I see the largest challenge here that it doesn’t deal with the fundamental reasons why AI misalignment is a concern. Bureaucracies are notorious homes to Goodhart effects and they have as yet found no way to totally control them. Classic examples being things like managers optimizing for their own promotion or for the performance of their department to the determinant of the larger organization and whatever its goals are.
Now to be fair bureaucracies do manage to achieve a limited level of alignment, and they can use various mechanisms that generate more vs. less alignment (examples of things that help: OKRs, KPIs, mission and value statements), and they do sometimes manage to rein in what would otherwise be threats to political stability (ambitious people direct their ambition to moving up in the bureaucracy rather than taking over a country), but they also sometimes fail at this when you get smart actors who know how to game the system.
I’d argue that Robert Moses is a great example of this.
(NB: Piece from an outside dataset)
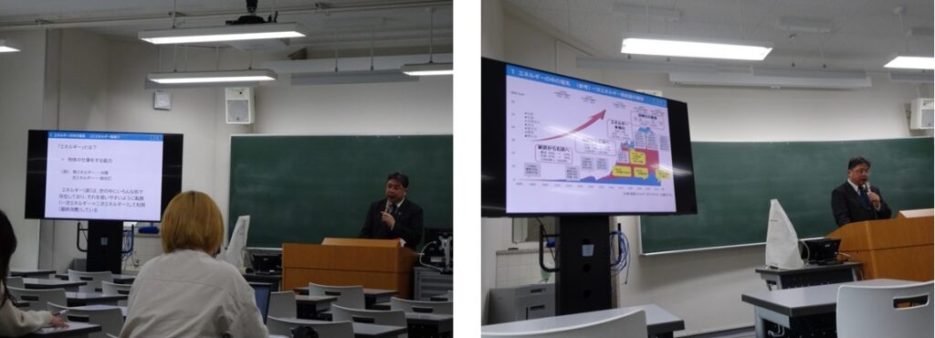 令和5年4月12日(水)九州電力熊本支店による協力講座「エネルギーと社会」が開講され、九州電力熊本支店企画・総務部企画グループ長の古江敏彦講師が教壇に立たれました。

He successfully moved up the bureaucracy in New York to, yes, get stuff done, but also did it in ways that many people would consider “unaligned with human values” and also achieved outcomes of mixed value (good for some people (affluent whites), bad for others (everyone else)). What we can say is he did stuff that was impressive that got and kept him in power.
Actually, I think this generalizes: if you want to design an alignment mechanism, you should expect that it could at least force Robert Moses to be aligned, a man who expertly gamed the system to achieve this goals the same way we expect transformative AI to be able to do.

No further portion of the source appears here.